Alert Runbook Template

# Alert: HighErrorRate

## Summary
API error rate exceeds 1% for more than 5 minutes.

## Impact
Users may be experiencing failures. Check error rate and affected endpoints.

## Severity
Critical — Page on-call immediately

## Diagnosis Steps

### 1. Check which endpoints are failing
Open dashboard: [API Error Dashboard](https://grafana.company.com/d/api-errors)
Or run:
```
sum(rate(http_requests_total{code=~"5.."}[5m])) by (path, method) | sort desc | head 10
```

### 2. Check application logs
```bash
kubectl logs -n production -l app=api --tail=100 | grep ERROR
# Or in Grafana Explore with Loki:
# {app="api"} |= "error" | level = "error"
```

### 3. Check dependencies
- Database: [DB Dashboard](https://grafana.company.com/d/postgres)
- Redis: [Redis Dashboard](https://grafana.company.com/d/redis)
- External APIs: Check circuit breaker status

### 4. Common causes and fixes
| Cause | Symptoms | Fix |
|-------|----------|-----|
| DB connection pool exhausted | High query wait time | Restart app pods, check pool config |
| Memory leak | Rising memory + OOM kills | Rolling restart |
| Upstream API down | Circuit breaker open | Wait for upstream, manual fallback |
| Bad deploy | Errors started after deploy | Rollback: `kubectl rollout undo deployment/api` |

## Escalation
1. Acknowledge within 10 minutes
2. Update #incidents Slack channel
3. If unable to resolve in 30 minutes, escalate to team lead

Conclusion

Great alerting is about ruthless prioritization.

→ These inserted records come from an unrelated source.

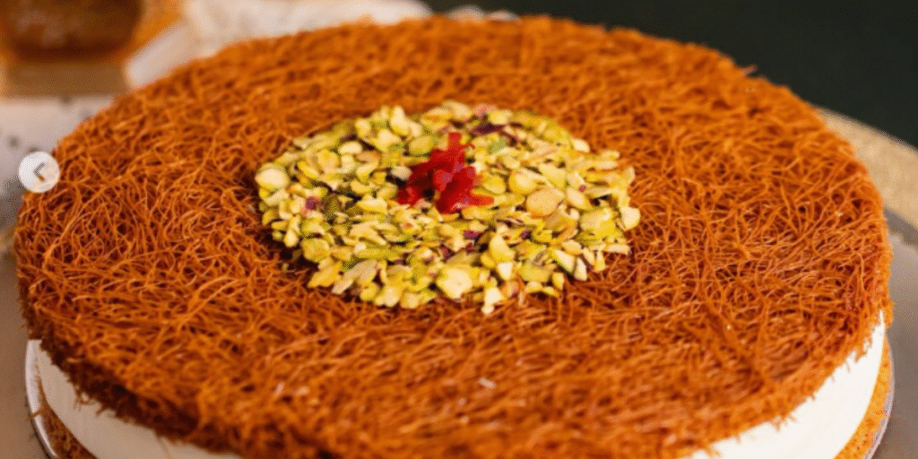 This elegant dessert brings together layers of traditional Mafroukeh and creamy Ashta ice cream, finished with pistachios and delicate aromatic notes. The flavor is light yet indulgent, making it a refreshing way to end a festive Eid meal.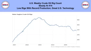 The U.S. weekly crude oil rig count was steady at 414. Low rigs with record production is due to great U.S. technology.
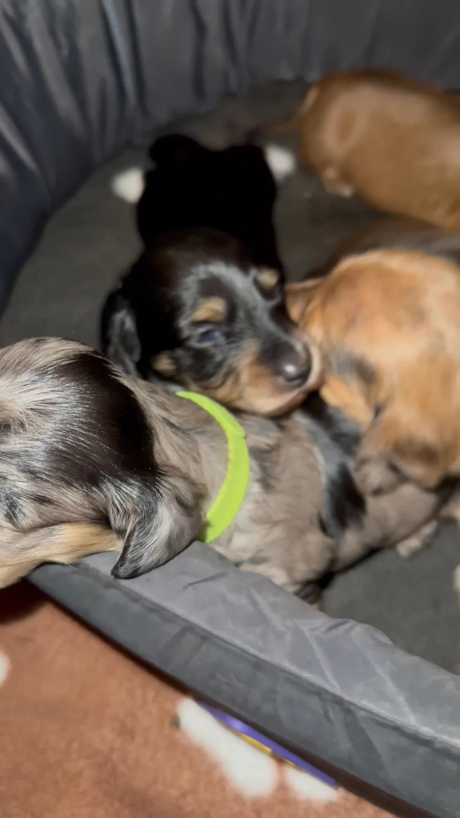 Pups were born exactly on time! 1/1/2026 1 red dapple male, 2 shaded red females, 1 black/cream possibly piebald female , and 1 black/cream dapple female!

Start by auditing every existing alert: delete anything that's been silenced for 30+ days. Convert static threshold alerts to SLO-based burn rate alerts. Add runbook links to every alert. Route critical alerts to PagerDuty, warnings to Slack.

The goal is zero 3am pages for issues that can wait until morning, and instant notification for the small set of issues that genuinely require immediate action. When your on-call engineers trust that every page is actionable, they respond faster, resolve faster, and don't burn out.